As I said above, it would be her duty to civil society to take herself to a credible allergy clinic at a hospital and undergo a double-blind test to determine if she really is having this reaction. Then it would be her duty to tell everyone that there was an unseen risk with GE foods. I’m not talking about writing a blog post for OpEdNews Blogs, I’m talking about the New York Times. Science, Nature, The Lancet, Skeptic Magazine – it should be printed everywhere… if it could actually be demonstrated.
The proteins introduced into GE crops have been tested to make sure that they are not allergens. To continue to claim, publicly, that any food as well-tested as GE crops is causing someone to have an allergic reaction – without sufficient evidence to back it up – is irresponsible. Especially so when it is part of an effort to manufacture doubt about those foods. (Would anyone care if someone claimed they were allergic to Dragonfruit – unless they were trying to ban it from being grown anywhere?)
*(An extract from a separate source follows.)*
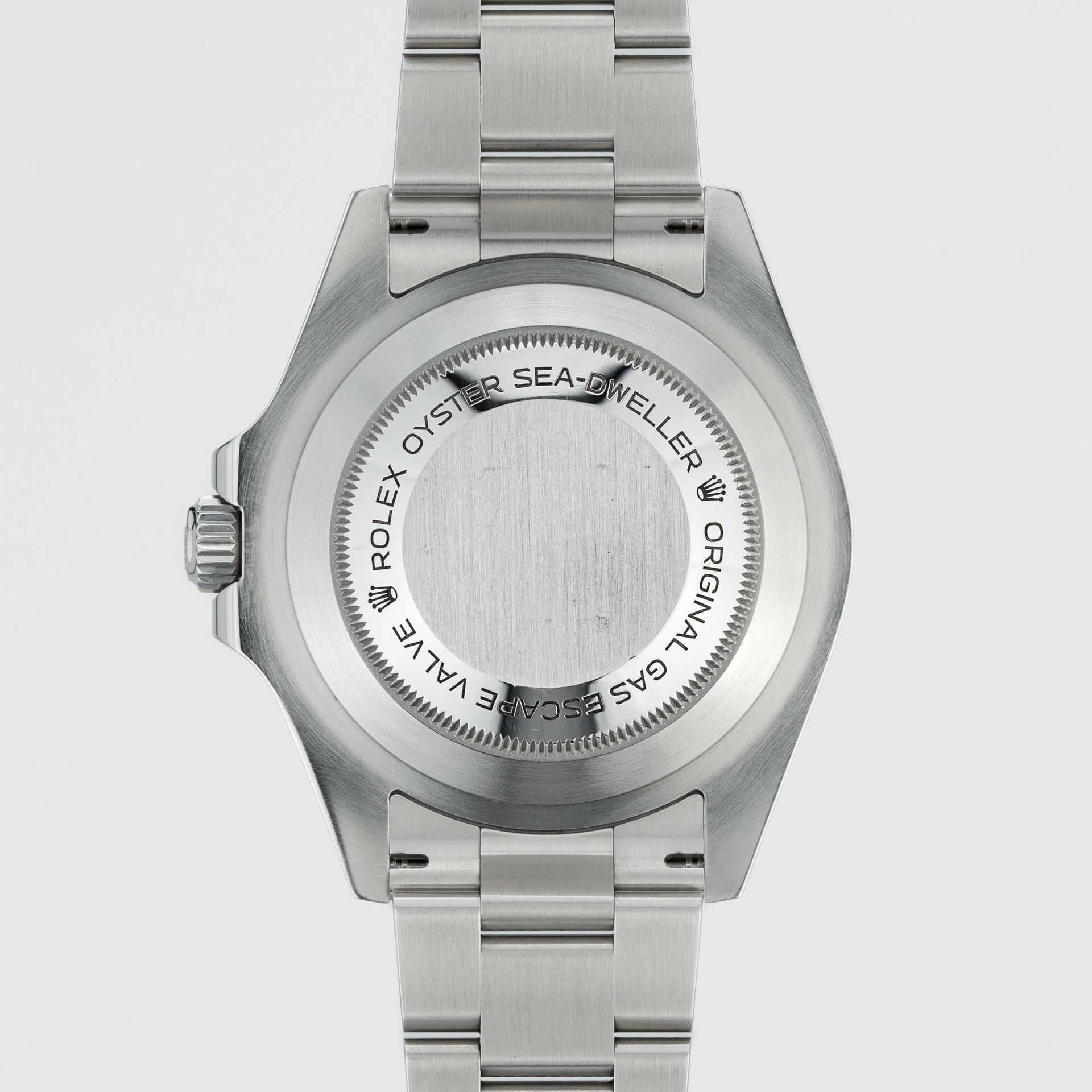 Voor de achterzijde van het horloge gebruikt Rolex een eenvoudige massieve kastdeksel (zoals trouwens in al zijn modellen) – in het geval van de Sea-Dweller heeft deze de inscripties "Rolex Oyster" en "Original gas escape valve" langs de rand. Zoals we allemaal weten, gebruikt Rolex voor zijn horloges 904L edelstaal – het verschil met de gebruikelijke 316L voor andere merken ligt in de grotere weerstand (vooral tegen zout water). Het is een algemeen bekend feit dat Rolex als fanatici kan worden beschouwd als het gaat om de staalsoorten die ze gebruiken – een groot deel van de metallurgische processen wordt intern uitgevoerd om een consistente kwaliteit van het grondmateriaal te garanderen – veel horloges zijn door onze handen gegaan, maar we kunnen absoluut categorisch zeggen dat geen enkel ander merk zoveel aandacht en moeite besteedt aan de kwaliteit van het eindproduct op het gebied van kastafwerking – en als gevolg daarvan kan een unieke kwaliteit en aanwezigheid niet anders dan worden bereikt.

In order to have an intelligent dialogue over genetic engineering in agriculture, the people engaging in that dialogue have to agree to back up their claims with the best information that is available, and when they believe that something extraordinary is true they must go to the effort to demonstrate that it is indeed true. If we don’t trust to a rigorous scientific approach in determining the truth-value of our beliefs, then all we will be doing is endlessly debating over our own delusions.